They came while I was asleep. I turned on my computer to check the morning news, and it was the only thing on the page. "UFO'S IN SKIES, Every Major City Visited." "EARTH INVADED," and so on. Pic after pic of these black oblong-shaped monoliths, hovering silently above every great skyline. No contact made yet, cities shut down in panic. . . The president to address the nation and appealing for calm. . . There were riots in a few places, and so on; the usual pandemonium and fear that all the sci-fi novels predicted. Very cliché. You could tell the newsfolk were excited, for the headlines on the printed papers were larger than the ones I saw as a kid after 9-11.

For two days, the entire world held its breath. Attempts at contact did nothing, and nobody wanted to antagonize our new "friends." Experts guessed at what they looked like and what they were doing here. Nobody worked, so cities and services began to shut down. The president was about to order people back to work, but nobody felt comfortable working in the shadow of those ships.

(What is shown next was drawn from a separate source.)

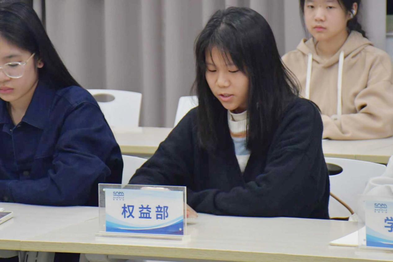 权益部负责人吴瑞芳指出,校训“进德修业,与时偕行”的精神正通过校风、教风、学风的“三风建设”得以生动实践。她表示,优良校风是学校的灵魂,学生会成员应以身作则,从维护环境、遵守制度做起,权益部也将积极收集同学诉求,让校风建设更接地气、有温度;教风是教学质量的保障,学生干部应带头尊重老师劳动,搭建良好师生沟通渠道,传承严谨治学的育人精神;学风是学生成长的基石,尤其需要勤奋务实,权益部将配合学院组织学习交流活动,营造比学赶超的氛围。吴瑞芳强调,“三风建设”需每位同学从身边小事践行,学生会更应扛起责任,在服务同学中推动其落地生根、开花结果。

Then it happened. The news showed it time and again, from the belly of each ship, a cloud of machines spewed forth. A veritable rain of glassy black spheres, each one about seven feet in diameter. They glided down and descended on the crowds, and as people ran the spheres came along behind them. Rapidly, they fell over, one after another, apparently paralyzed. You could never see what hit them; they just fell and lay there. After the spheres came the Takers; little oblong ships--miniature copies of the monoliths, if you could call a sixty-yard ship miniature, scooping people inside with tentacles from their bellies.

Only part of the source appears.